- Exercise requirements
Output, exactly as written, the lines below starting at the line containing "Схема электрическая принципиальная" and ending at the line containing "拓竹A1/A1 mini 喷嘴打印头热端组件热端挤出头配件 跨境热卖". Drop the pictures and keep both end lines.

- Material provided
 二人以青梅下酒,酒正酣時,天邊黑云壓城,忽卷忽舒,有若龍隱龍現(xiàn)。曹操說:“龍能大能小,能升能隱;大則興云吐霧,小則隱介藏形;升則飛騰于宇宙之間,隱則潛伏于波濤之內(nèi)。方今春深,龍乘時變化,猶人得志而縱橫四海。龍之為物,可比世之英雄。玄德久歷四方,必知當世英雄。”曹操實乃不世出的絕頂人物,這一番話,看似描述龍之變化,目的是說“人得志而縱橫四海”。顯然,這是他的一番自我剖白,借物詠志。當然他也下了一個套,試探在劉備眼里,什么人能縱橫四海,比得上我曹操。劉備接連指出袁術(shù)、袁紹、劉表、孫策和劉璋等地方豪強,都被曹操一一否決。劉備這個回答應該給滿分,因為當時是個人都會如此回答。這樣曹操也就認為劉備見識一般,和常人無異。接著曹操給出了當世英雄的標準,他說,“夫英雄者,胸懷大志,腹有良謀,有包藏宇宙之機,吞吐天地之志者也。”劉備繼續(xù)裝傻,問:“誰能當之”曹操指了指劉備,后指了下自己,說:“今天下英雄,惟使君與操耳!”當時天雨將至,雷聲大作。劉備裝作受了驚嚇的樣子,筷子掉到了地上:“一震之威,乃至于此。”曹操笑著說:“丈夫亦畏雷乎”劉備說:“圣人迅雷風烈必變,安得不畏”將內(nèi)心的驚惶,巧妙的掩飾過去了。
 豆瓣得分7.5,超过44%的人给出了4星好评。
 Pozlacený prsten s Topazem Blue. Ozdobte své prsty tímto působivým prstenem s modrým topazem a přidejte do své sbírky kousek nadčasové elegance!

* * *

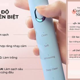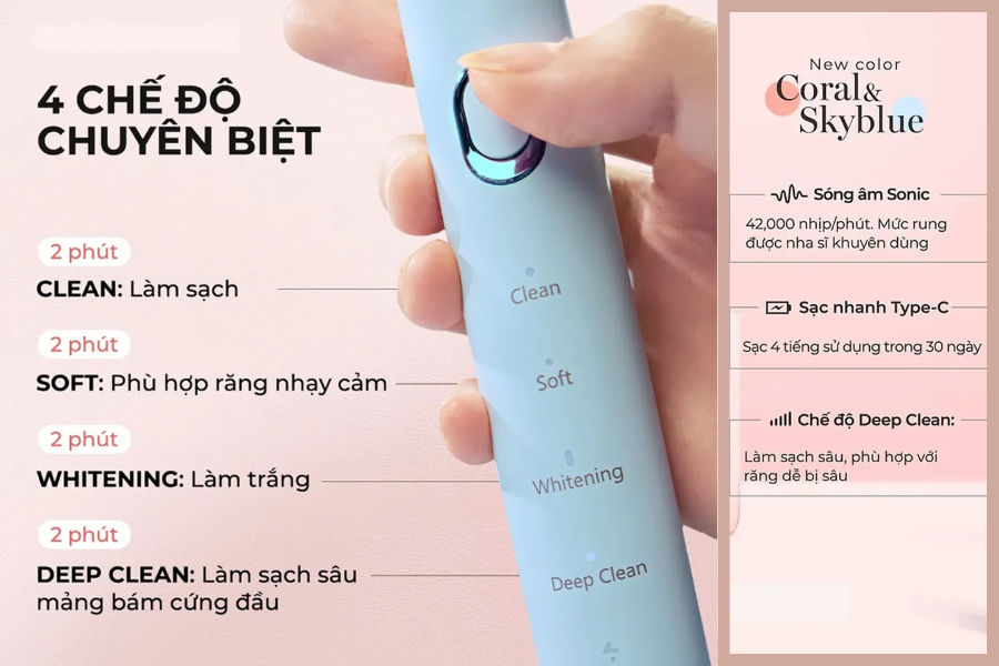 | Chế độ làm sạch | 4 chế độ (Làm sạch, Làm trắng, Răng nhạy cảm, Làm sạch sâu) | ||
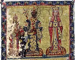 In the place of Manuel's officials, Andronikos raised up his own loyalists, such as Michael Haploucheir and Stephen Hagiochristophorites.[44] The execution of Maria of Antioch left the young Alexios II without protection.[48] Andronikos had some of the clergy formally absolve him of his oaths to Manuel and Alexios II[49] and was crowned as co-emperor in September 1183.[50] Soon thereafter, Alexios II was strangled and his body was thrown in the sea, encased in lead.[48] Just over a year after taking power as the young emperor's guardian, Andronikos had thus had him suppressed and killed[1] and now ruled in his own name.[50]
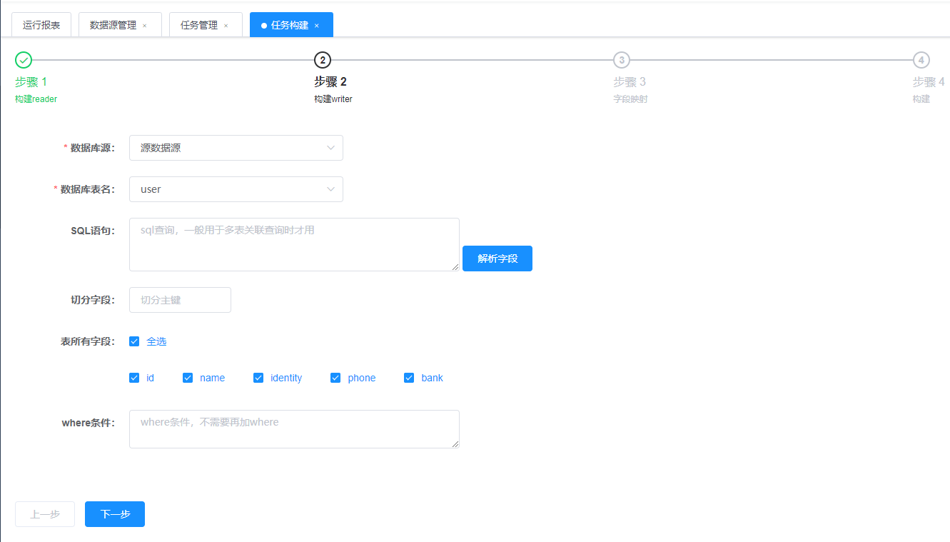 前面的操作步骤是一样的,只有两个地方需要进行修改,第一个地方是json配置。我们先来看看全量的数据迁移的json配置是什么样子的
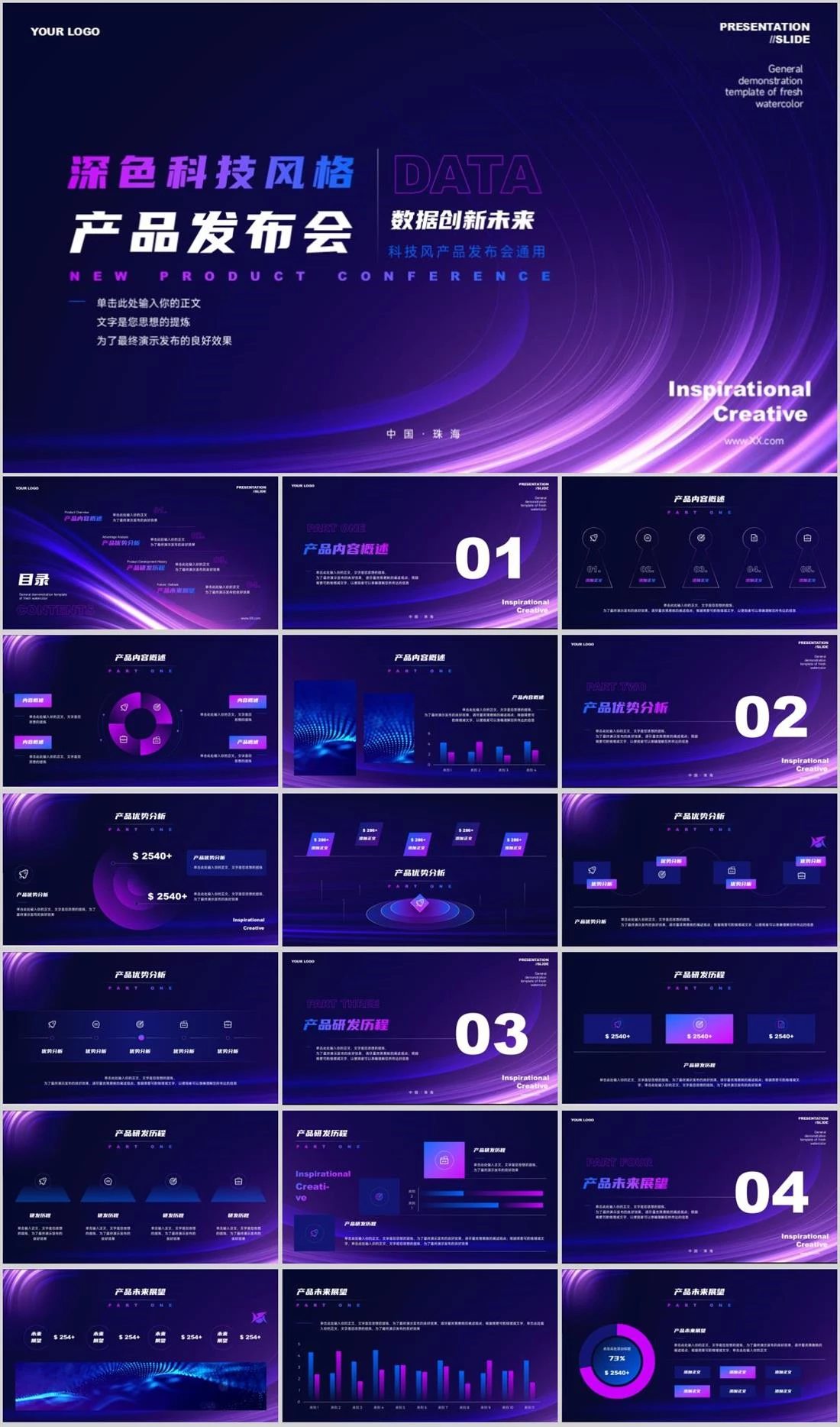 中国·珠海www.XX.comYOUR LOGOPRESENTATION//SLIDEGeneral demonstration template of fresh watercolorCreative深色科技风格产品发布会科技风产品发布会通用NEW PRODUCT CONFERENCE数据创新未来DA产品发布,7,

--

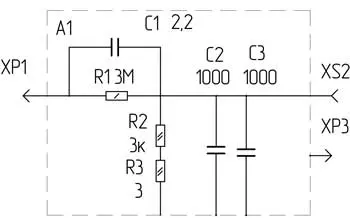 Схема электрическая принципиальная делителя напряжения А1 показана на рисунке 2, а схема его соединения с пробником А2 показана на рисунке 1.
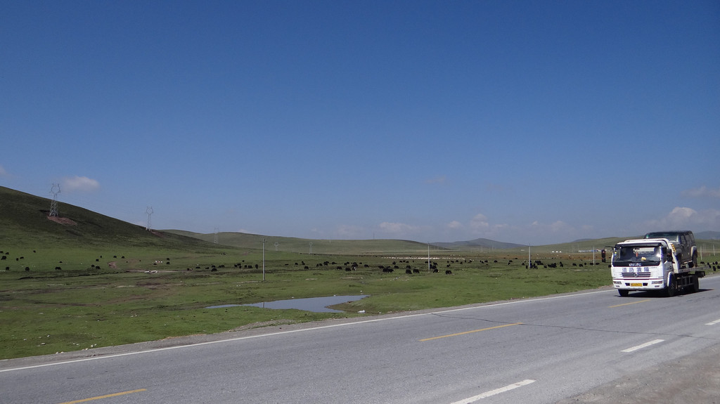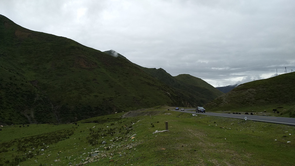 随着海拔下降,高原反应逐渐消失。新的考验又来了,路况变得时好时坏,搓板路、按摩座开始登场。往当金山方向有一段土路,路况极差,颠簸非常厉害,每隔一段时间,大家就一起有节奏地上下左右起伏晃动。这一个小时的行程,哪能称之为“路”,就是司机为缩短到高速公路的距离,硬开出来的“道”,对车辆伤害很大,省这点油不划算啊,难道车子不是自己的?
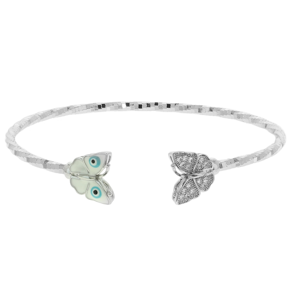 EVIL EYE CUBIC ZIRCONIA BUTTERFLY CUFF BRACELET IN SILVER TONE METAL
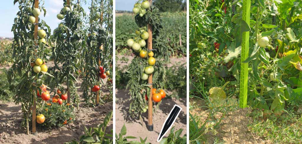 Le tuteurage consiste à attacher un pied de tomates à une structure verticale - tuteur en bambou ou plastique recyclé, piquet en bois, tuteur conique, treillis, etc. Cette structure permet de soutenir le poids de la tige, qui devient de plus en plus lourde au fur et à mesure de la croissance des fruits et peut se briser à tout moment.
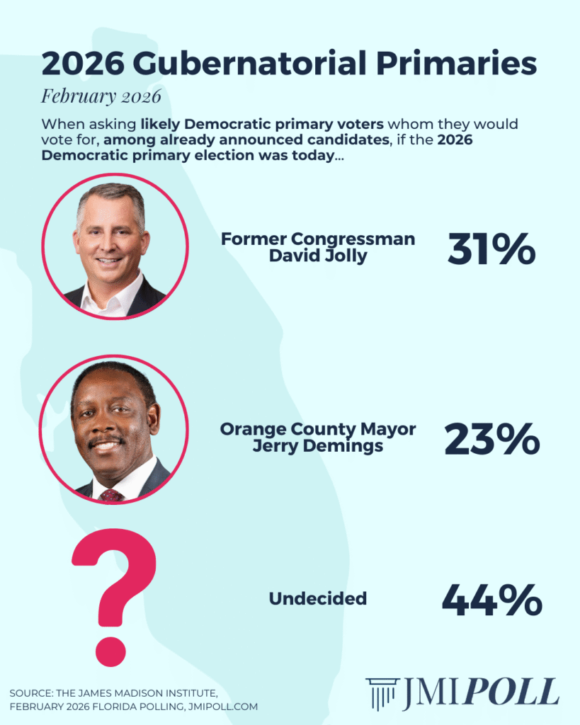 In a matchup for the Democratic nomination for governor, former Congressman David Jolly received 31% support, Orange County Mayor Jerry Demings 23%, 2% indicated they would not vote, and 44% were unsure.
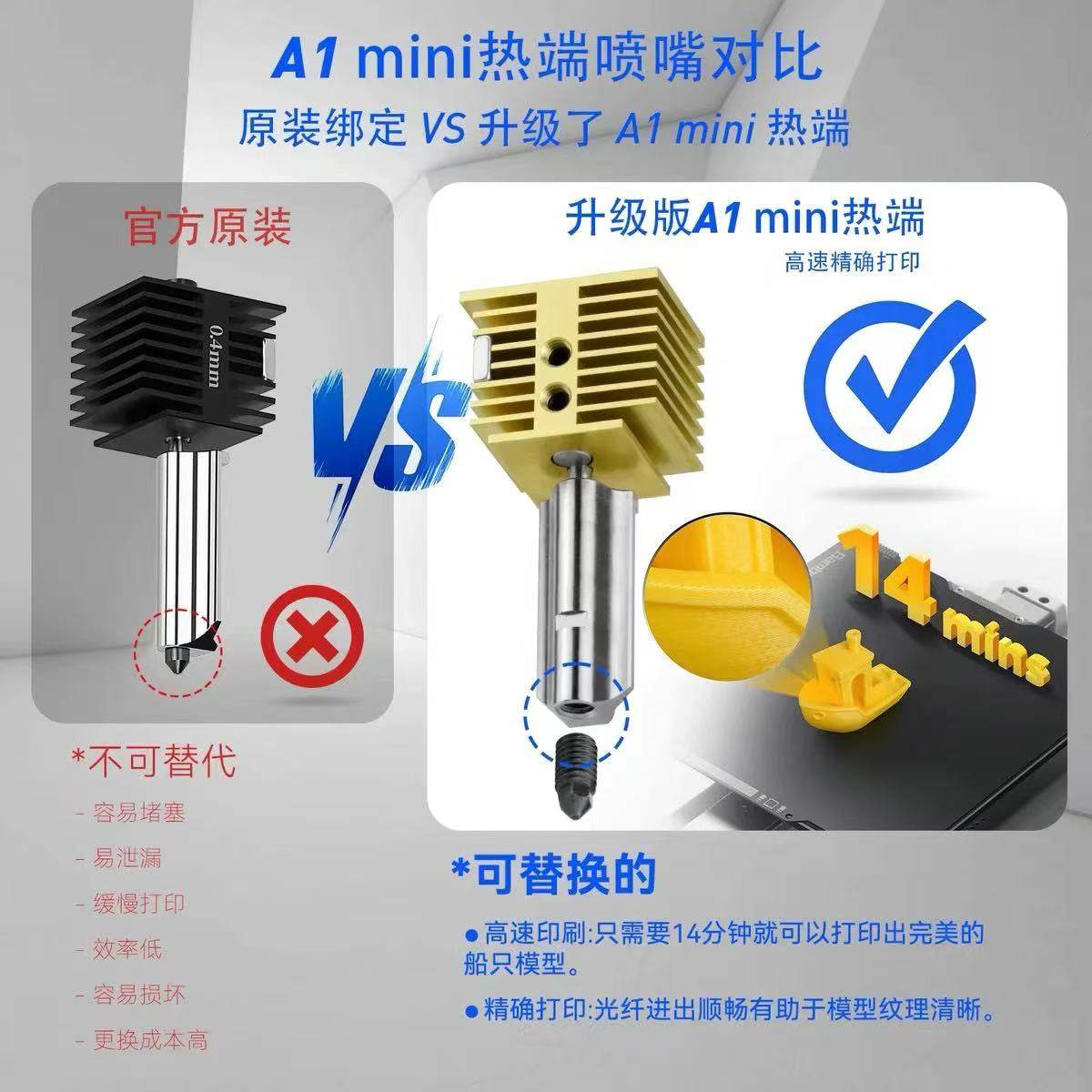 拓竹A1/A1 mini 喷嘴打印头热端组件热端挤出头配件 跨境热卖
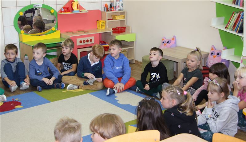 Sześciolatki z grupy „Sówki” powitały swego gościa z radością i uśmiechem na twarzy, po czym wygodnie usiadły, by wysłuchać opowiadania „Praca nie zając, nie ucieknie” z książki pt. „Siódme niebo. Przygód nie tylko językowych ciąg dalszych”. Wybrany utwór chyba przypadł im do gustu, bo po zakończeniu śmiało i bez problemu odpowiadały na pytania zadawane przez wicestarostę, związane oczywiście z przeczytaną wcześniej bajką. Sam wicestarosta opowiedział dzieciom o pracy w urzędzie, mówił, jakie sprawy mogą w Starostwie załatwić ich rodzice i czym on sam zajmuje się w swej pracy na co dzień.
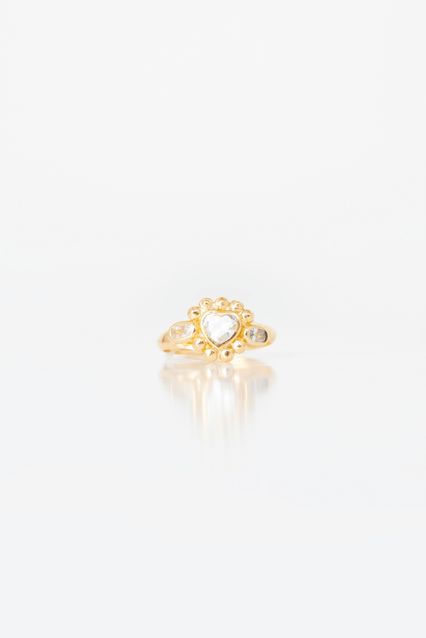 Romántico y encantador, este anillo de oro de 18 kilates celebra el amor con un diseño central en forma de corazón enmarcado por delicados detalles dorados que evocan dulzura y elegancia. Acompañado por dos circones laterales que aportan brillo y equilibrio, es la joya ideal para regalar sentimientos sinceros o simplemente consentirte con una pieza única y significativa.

- Solution to this exercise
 Схема электрическая принципиальная делителя напряжения А1 показана на рисунке 2, а схема его соединения с пробником А2 показана на рисунке 1.
 随着海拔下降,高原反应逐渐消失。新的考验又来了,路况变得时好时坏,搓板路、按摩座开始登场。往当金山方向有一段土路,路况极差,颠簸非常厉害,每隔一段时间,大家就一起有节奏地上下左右起伏晃动。这一个小时的行程,哪能称之为“路”,就是司机为缩短到高速公路的距离,硬开出来的“道”,对车辆伤害很大,省这点油不划算啊,难道车子不是自己的?
 EVIL EYE CUBIC ZIRCONIA BUTTERFLY CUFF BRACELET IN SILVER TONE METAL
 Le tuteurage consiste à attacher un pied de tomates à une structure verticale - tuteur en bambou ou plastique recyclé, piquet en bois, tuteur conique, treillis, etc. Cette structure permet de soutenir le poids de la tige, qui devient de plus en plus lourde au fur et à mesure de la croissance des fruits et peut se briser à tout moment.
 In a matchup for the Democratic nomination for governor, former Congressman David Jolly received 31% support, Orange County Mayor Jerry Demings 23%, 2% indicated they would not vote, and 44% were unsure.
 拓竹A1/A1 mini 喷嘴打印头热端组件热端挤出头配件 跨境热卖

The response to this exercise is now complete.